**Task instructions**
All lines from the one containing "1. Inspect the" through the last line of the listing below are to be copied exactly. Exclude the pictures.

● ● ● ● ● ● ●

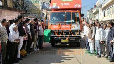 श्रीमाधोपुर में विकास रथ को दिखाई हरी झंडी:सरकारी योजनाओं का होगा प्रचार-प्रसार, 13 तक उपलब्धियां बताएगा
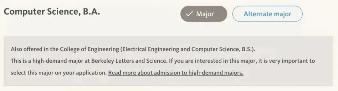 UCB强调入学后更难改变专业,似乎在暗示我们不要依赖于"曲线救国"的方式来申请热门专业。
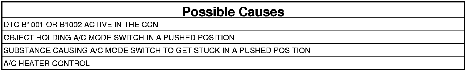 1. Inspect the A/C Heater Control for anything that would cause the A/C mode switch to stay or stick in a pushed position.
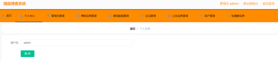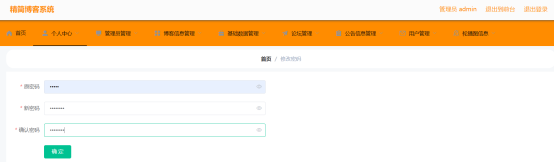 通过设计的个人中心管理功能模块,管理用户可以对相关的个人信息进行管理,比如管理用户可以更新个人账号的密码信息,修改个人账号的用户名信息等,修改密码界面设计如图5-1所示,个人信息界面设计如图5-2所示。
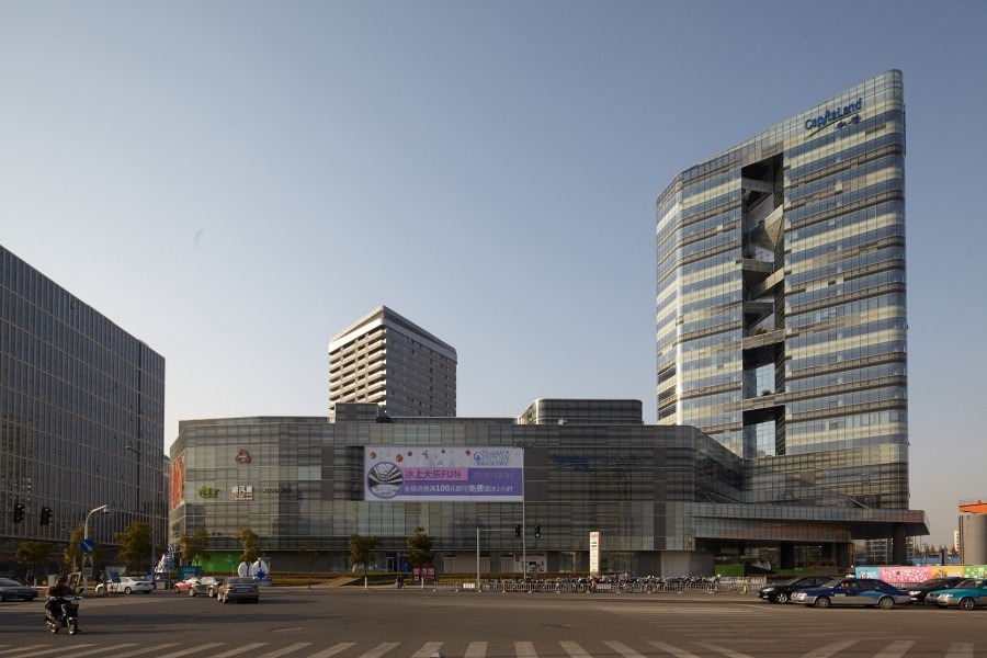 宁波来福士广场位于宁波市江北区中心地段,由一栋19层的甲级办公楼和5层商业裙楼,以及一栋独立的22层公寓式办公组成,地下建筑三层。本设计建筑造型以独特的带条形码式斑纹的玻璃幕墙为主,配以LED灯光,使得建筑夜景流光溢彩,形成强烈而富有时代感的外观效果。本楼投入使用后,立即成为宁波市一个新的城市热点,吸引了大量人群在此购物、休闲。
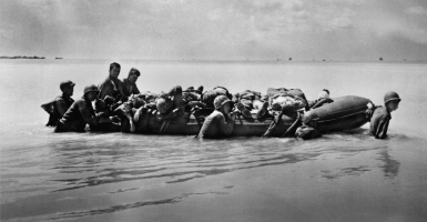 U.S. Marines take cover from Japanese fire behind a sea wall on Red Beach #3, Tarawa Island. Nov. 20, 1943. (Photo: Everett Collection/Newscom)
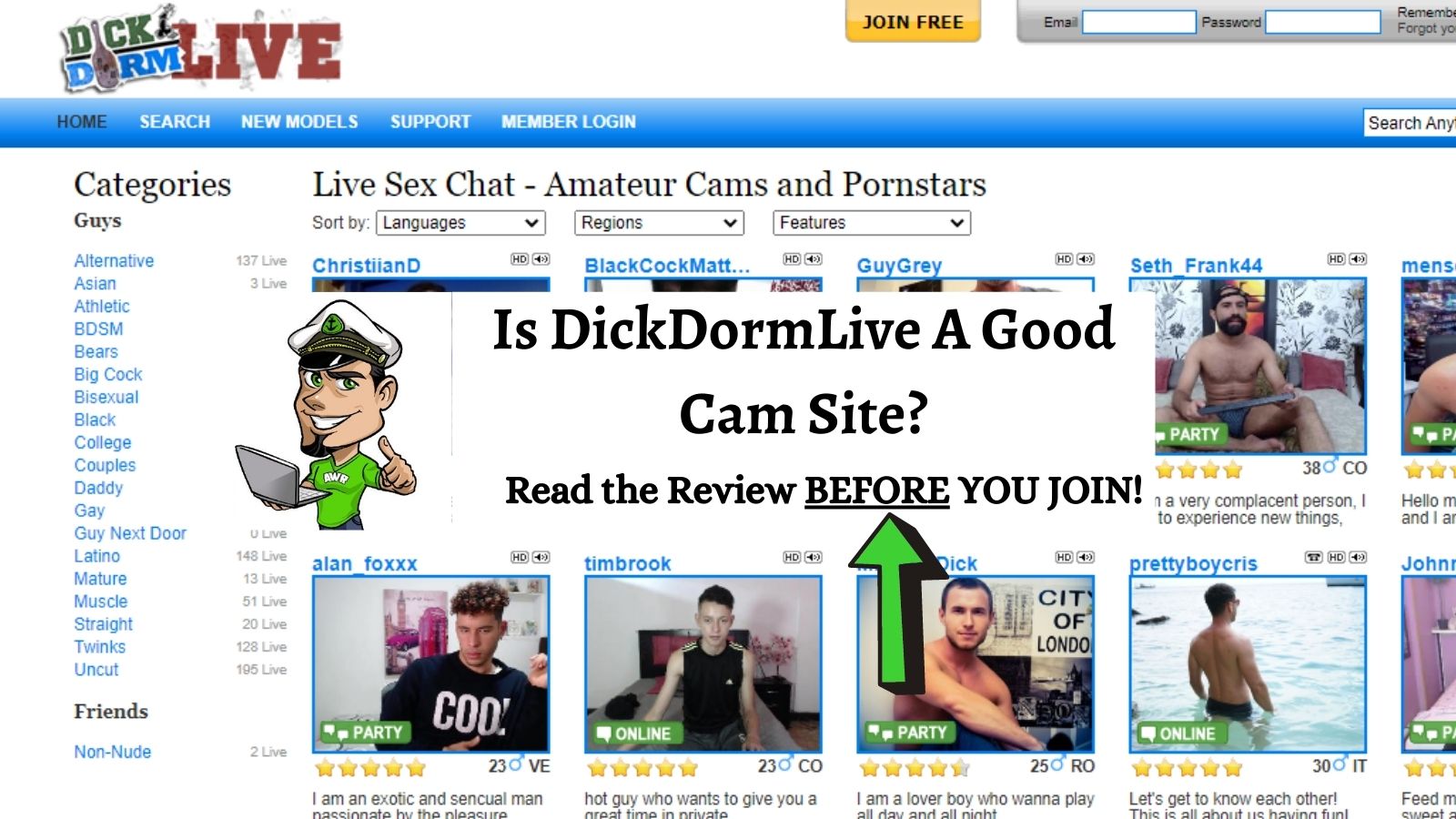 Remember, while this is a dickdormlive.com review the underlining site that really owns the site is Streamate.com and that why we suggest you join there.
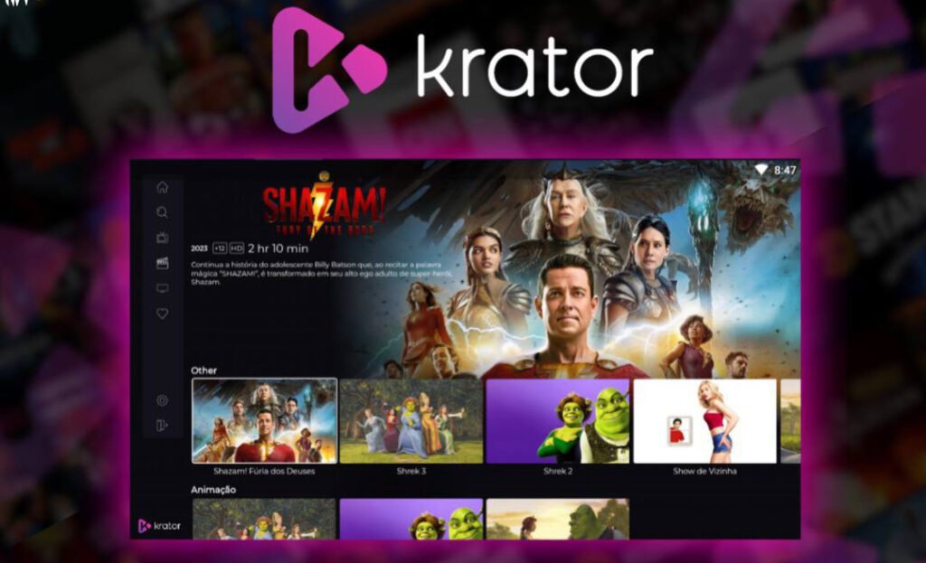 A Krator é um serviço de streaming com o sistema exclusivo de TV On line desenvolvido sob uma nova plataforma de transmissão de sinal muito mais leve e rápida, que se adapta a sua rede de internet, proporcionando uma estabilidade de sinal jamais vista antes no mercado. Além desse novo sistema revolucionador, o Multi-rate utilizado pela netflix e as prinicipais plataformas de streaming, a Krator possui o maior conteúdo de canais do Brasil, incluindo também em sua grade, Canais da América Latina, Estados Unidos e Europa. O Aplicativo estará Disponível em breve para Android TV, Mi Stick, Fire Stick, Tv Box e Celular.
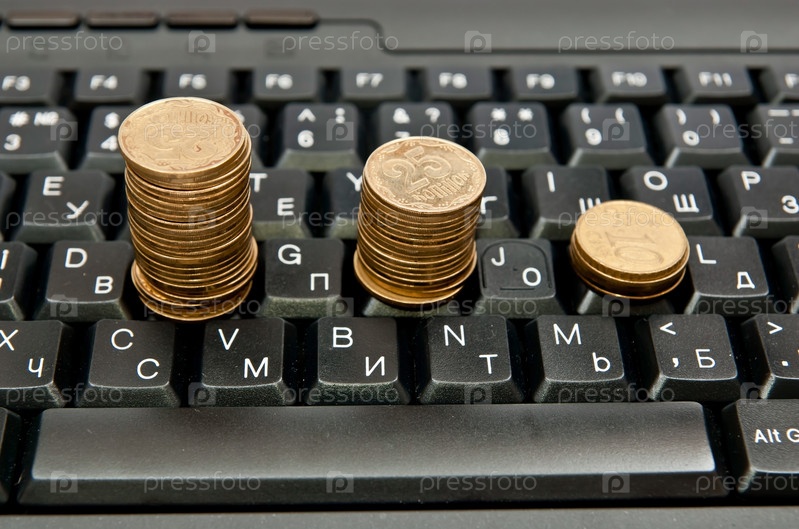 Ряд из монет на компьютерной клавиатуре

● ● ● ● ● ● ●

**Answer below**
 1. Inspect the A/C Heater Control for anything that would cause the A/C mode switch to stay or stick in a pushed position.
 通过设计的个人中心管理功能模块,管理用户可以对相关的个人信息进行管理,比如管理用户可以更新个人账号的密码信息,修改个人账号的用户名信息等,修改密码界面设计如图5-1所示,个人信息界面设计如图5-2所示。
 宁波来福士广场位于宁波市江北区中心地段,由一栋19层的甲级办公楼和5层商业裙楼,以及一栋独立的22层公寓式办公组成,地下建筑三层。本设计建筑造型以独特的带条形码式斑纹的玻璃幕墙为主,配以LED灯光,使得建筑夜景流光溢彩,形成强烈而富有时代感的外观效果。本楼投入使用后,立即成为宁波市一个新的城市热点,吸引了大量人群在此购物、休闲。
 U.S. Marines take cover from Japanese fire behind a sea wall on Red Beach #3, Tarawa Island. Nov. 20, 1943. (Photo: Everett Collection/Newscom)
 Remember, while this is a dickdormlive.com review the underlining site that really owns the site is Streamate.com and that why we suggest you join there.
 A Krator é um serviço de streaming com o sistema exclusivo de TV On line desenvolvido sob uma nova plataforma de transmissão de sinal muito mais leve e rápida, que se adapta a sua rede de internet, proporcionando uma estabilidade de sinal jamais vista antes no mercado. Além desse novo sistema revolucionador, o Multi-rate utilizado pela netflix e as prinicipais plataformas de streaming, a Krator possui o maior conteúdo de canais do Brasil, incluindo também em sua grade, Canais da América Latina, Estados Unidos e Europa. O Aplicativo estará Disponível em breve para Android TV, Mi Stick, Fire Stick, Tv Box e Celular.
 Ряд из монет на компьютерной клавиатуре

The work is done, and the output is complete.